*Task instructions*. Everything from the line holding "齐鲁育美,悦动中华,为庆祝中" to the last line of the material below must be retyped exactly, minus any pictures.
──────── Given material
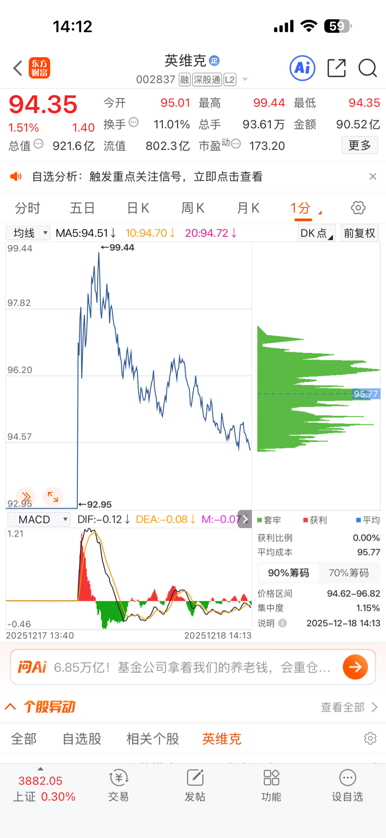 $英维克(SZ002837)$ 标准旗形分时出货图
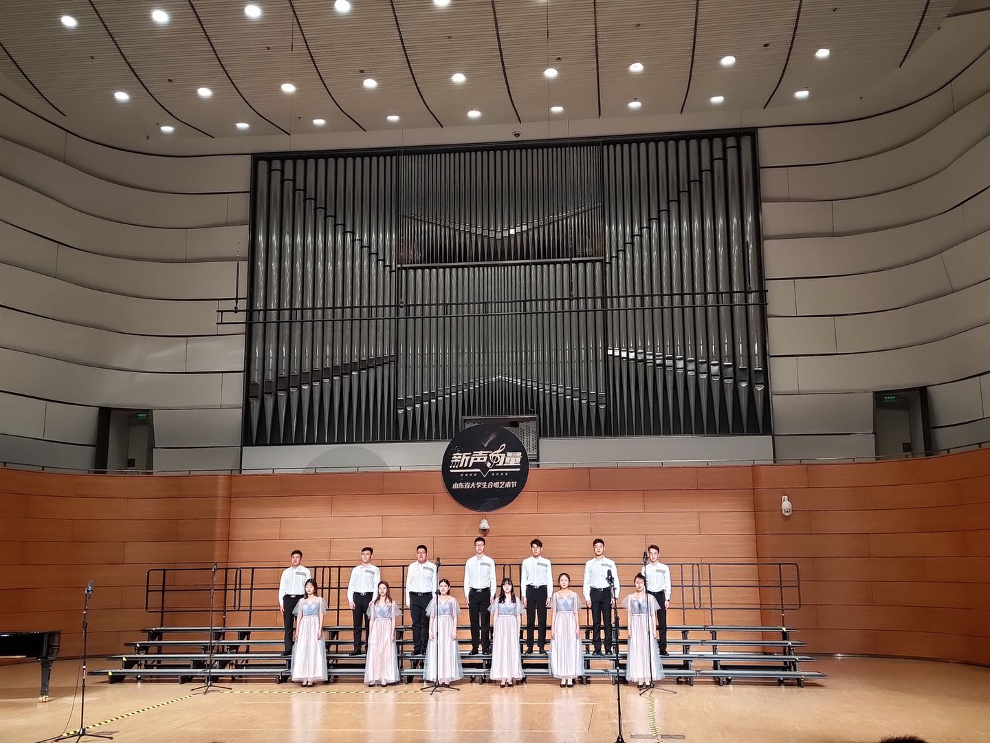 齐鲁育美,悦动中华,为庆祝中华人民共和国成立70周年,唱响爱党、爱国、爱社会主义的时代主旋律,由山东省教育厅主办的2019年“新声力量”山东省大学生合唱艺术节决赛于12月2日—12月4日在青岛大剧院举行。经历了来自各大高校的近160支团队的激烈角逐,aa3044永利集团天空合唱团(非专业组)成功晋级30强,凭借一曲《我喜欢》获非专业组二等奖。
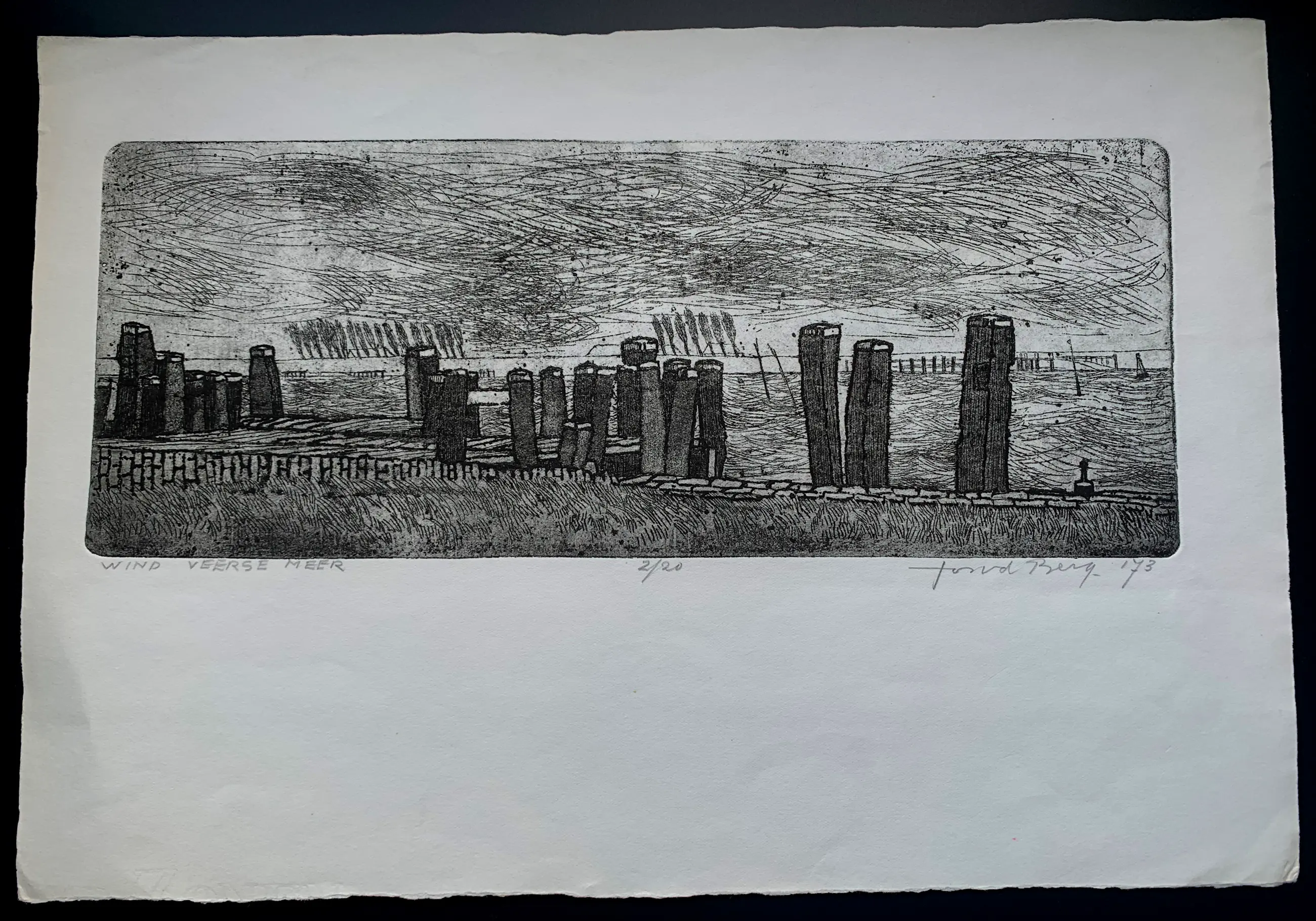 Ets van Jos van den Berg uit 1973. Titel: Wind Veerse meer. Oplage: 2/20. Afmetingen blad: H26 x b38cm. Afmetingen voorstelling: H18 x b30cm. Het werk is rechts onderaan, met potlood, gesigneerd door de kunstenaar. De authenticiteit van dit werk wordt volledig gegarandeerd. Een certificaat van echtheid kan, op verzoek, worden gemaild.
────────────────
*Solved exercise*.
 齐鲁育美,悦动中华,为庆祝中华人民共和国成立70周年,唱响爱党、爱国、爱社会主义的时代主旋律,由山东省教育厅主办的2019年“新声力量”山东省大学生合唱艺术节决赛于12月2日—12月4日在青岛大剧院举行。经历了来自各大高校的近160支团队的激烈角逐,aa3044永利集团天空合唱团(非专业组)成功晋级30强,凭借一曲《我喜欢》获非专业组二等奖。
 Ets van Jos van den Berg uit 1973. Titel: Wind Veerse meer. Oplage: 2/20. Afmetingen blad: H26 x b38cm. Afmetingen voorstelling: H18 x b30cm. Het werk is rechts onderaan, met potlood, gesigneerd door de kunstenaar. De authenticiteit van dit werk wordt volledig gegarandeerd. Een certificaat van echtheid kan, op verzoek, worden gemaild.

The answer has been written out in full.